-- Data shown follows --

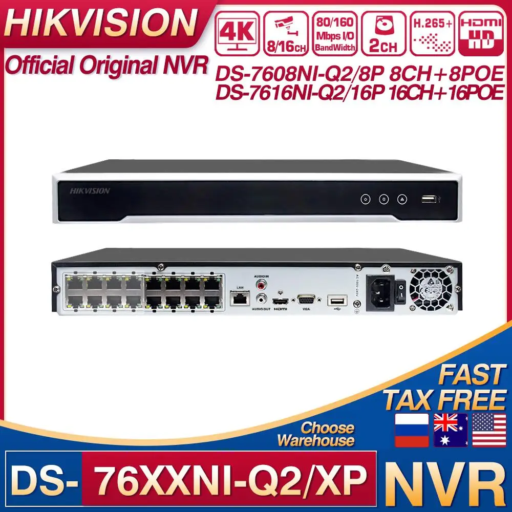 Hikvision NVR DS-7608NI-Q2/8P DS-7616NI-Q2/16P 8/16CH POE NVR 8MP 4K H.265 + 2 SATA для POE IPC сетевой видеорегистратор безопасности
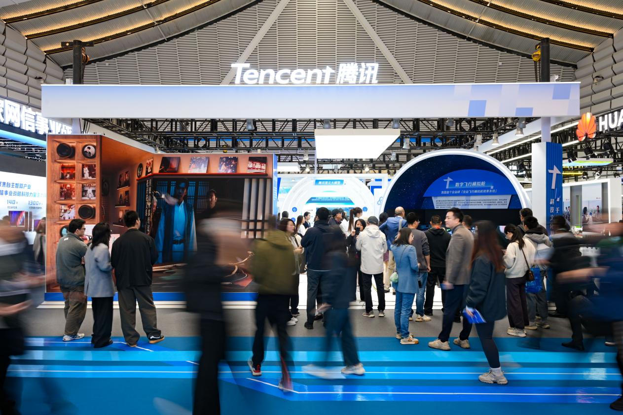 今年“互聯(lián)網(wǎng)之光”博覽會(huì)以人工智能為重點(diǎn),全方位展示中外數(shù)字經(jīng)濟(jì)領(lǐng)域新技術(shù)新業(yè)態(tài)新模式。騰訊展區(qū)的“C位”,是由騰訊混元大模型及元寶、元器構(gòu)成的AI互動(dòng)展區(qū)。
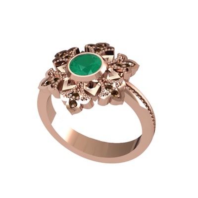 Kök zümrüt ve dumanlı kuvars 925 ayar rose altın kaplama gümüş yüzük

-- Data shown concluded --

Return the whole listing exactly, minus its pictures.

 Hikvision NVR DS-7608NI-Q2/8P DS-7616NI-Q2/16P 8/16CH POE NVR 8MP 4K H.265 + 2 SATA для POE IPC сетевой видеорегистратор безопасности
 今年“互聯(lián)網(wǎng)之光”博覽會(huì)以人工智能為重點(diǎn),全方位展示中外數(shù)字經(jīng)濟(jì)領(lǐng)域新技術(shù)新業(yè)態(tài)新模式。騰訊展區(qū)的“C位”,是由騰訊混元大模型及元寶、元器構(gòu)成的AI互動(dòng)展區(qū)。
 Kök zümrüt ve dumanlı kuvars 925 ayar rose altın kaplama gümüş yüzük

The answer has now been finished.